Lowry couldn’t suppress a laugh. The girl knew he was laughing at her. She leaned over to glare at him.

“You went to Harvard, I suppose, Mister,” she snapped, “but I still don’t like the way you’re laughing.”

Lowry’s mirth grew uncontrollable. “As a matter of fact I did,” he said. “And I’ll try to laugh some other way.”

The blond man wavered on his feet as he turned to face Lowry.

“Hello, McKay,” Lowry said. “You’re pure poetry and philosophy tonight. I couldn’t help hearing you.”
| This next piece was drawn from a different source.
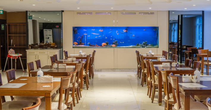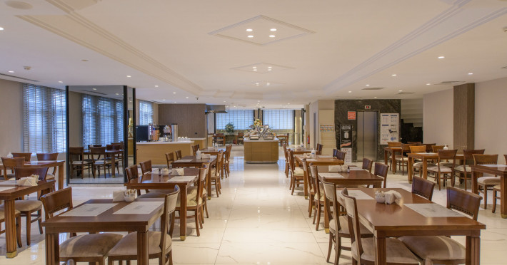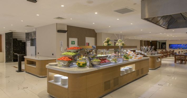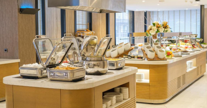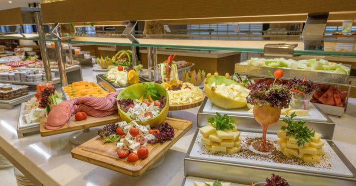 Există diverse locuri unde se poate lua masa: un restaurant pentru nefumători, o sală de mese, o cafenea și un bar. La centrul de cazare se oferă spre rezervare pachete de servicii cu mic dejun inclus. La mic dejun clienții se servesc de la bufetul bogat. Diverse mâncăruri à la carte pot fi alese la prânz și cină.

McKay grinned sheepishly. “Hiya Ned,” he said. “Nice knowing you’re around someplace. Old Faithful, the poor man’s friend. Gives a fellow a sense of security. You been making fun of this little lady by any chance?”

Lowry laughed again. “Far be it from me,” he said. “I’ve no quarrel with the uneducated. On the contrary, I think it’s a blessing in disguise to be unable even to read. But laughing at her, good heavens, no.”